The Great Auction of Madness
When Billy Long, the fast-talking, cowboy-hat-wearing auctioneer from Oklahoma, took over the I.R.S., nobody saw it coming. One day, people were filing taxes, the next, Billy had installed a mechanical gavel that slammed every 4 seconds, whether anyone was bidding or not.
“Alright folks,” he said on his first day, standing on a podium in the main office of the I.R.S. with a microphone in one hand and a confused-looking poodle in the other, “We’re makin’ this gub’ment lean, mean, and sellin’ everything in between!”
The staff watched in horror as Billy threw open the doors and rolled in a cart labeled “TOP SECRET TAXPAYER FILES.”

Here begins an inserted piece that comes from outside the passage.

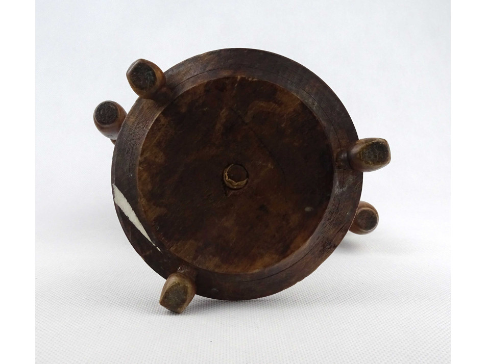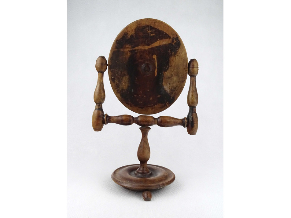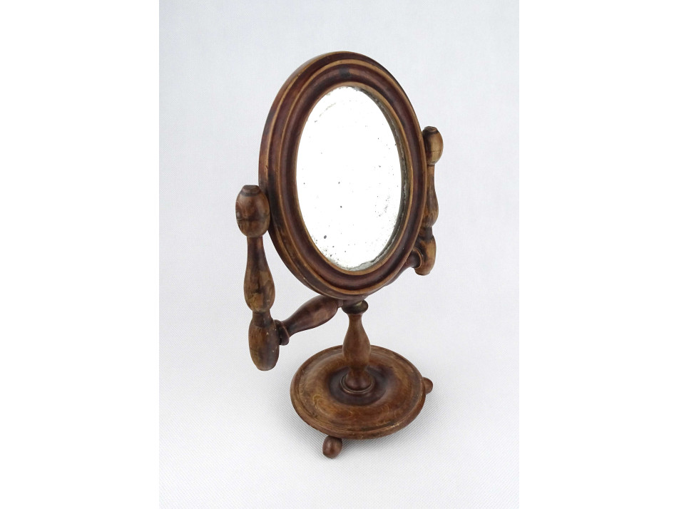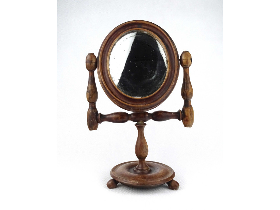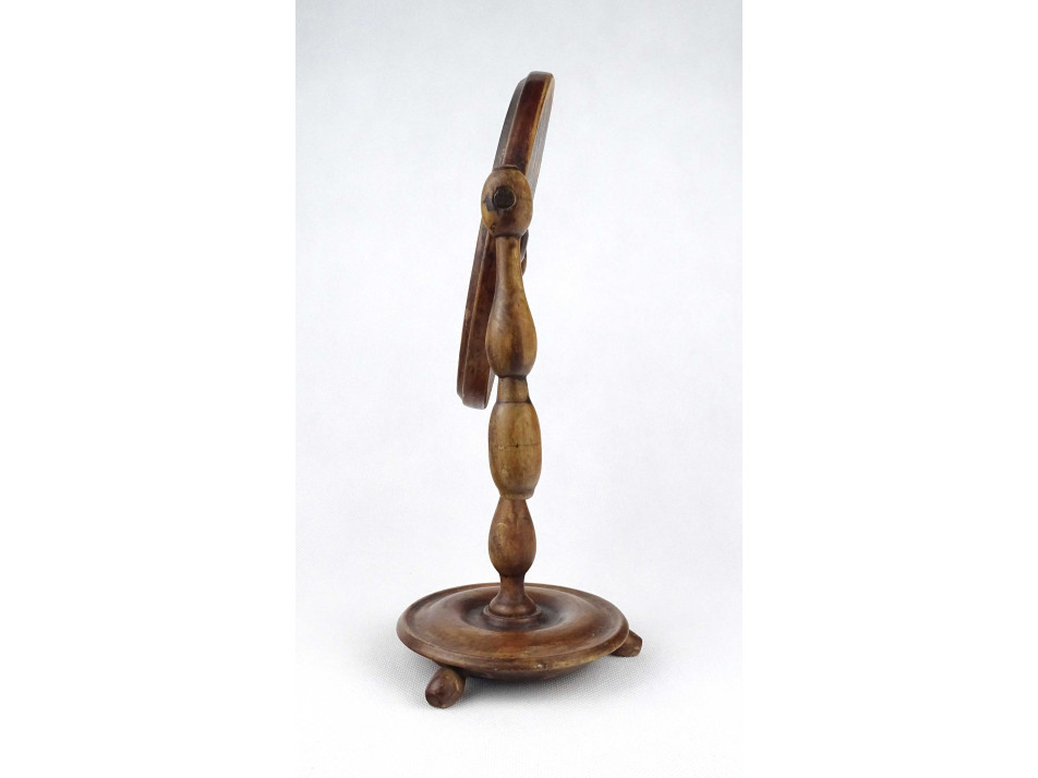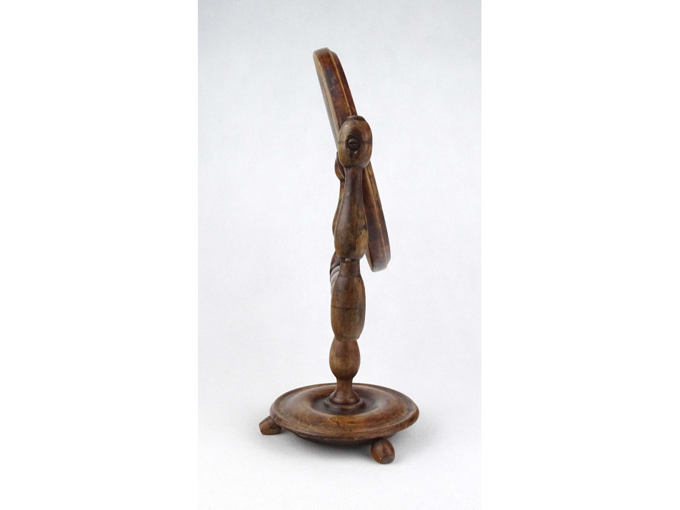 Antik, szép állapotban lévő, esztergált fa, billenő tükrös pipere vagy borotválkozó tükör. A tükre eredeti, néhány apró vakfolt látható rajta.

“Let’s start the biddin’ at twenty-five dollars for ol’ Margaret P. from Boise — she’s got three kids, a gluten allergy, and a Costco addiction! Who’ll give me thirty? Thirty-five? Sold! To the man in the trench coat with a suspicious van!”
Despite protests from legal teams and common sense, Billy continued. He began livestreaming daily auctions on “I.R.S. After Dark.” One Tuesday evening, he auctioned off 15,000 Social Security numbers, a rare Beanie Baby collection from a Miami accountant, and a slightly chewed IRS intern lunch.
But things took a turn when Billy discovered the “IRS Puppy Therapy Program,” a wholesome internal project meant to reduce tax-time stress. Within seconds, he had converted the puppy playpen into “Billy’s Bargain Kennel Bonanza.”
“Next up we got Sprinkles! Five months old, part dachshund, part mystery! He’s trained to bark at tax fraud and sit on auditors’ laps. Do I hear fifty? Sixty? You, sir, with the ‘Emotional Support Crocodile,’ you look like you need a friend!”
Puppies were going faster than Bitcoin in 2017.
Eventually, someone asked Billy, “Aren’t there, uh, laws against this?”
Billy grinned, flashing a gold tooth engraved with “1099.”
“Son, when you are the I.R.S., you are the law. Now who wants a copy of Jeff Bezos’s lunch receipts?!”
By the end of the month, the U.S. Government quietly replaced Billy with a fax machine and a sternly worded apology email to every citizen.
Billy, unbothered, went on to launch his own business: “Long Auctions & Puppies – We Sell What You Love and Know Too Much About You.”
Nobody was safe, but everyone had a good laugh—except for Sprinkles, who now runs a small tax consultancy in Nebraska.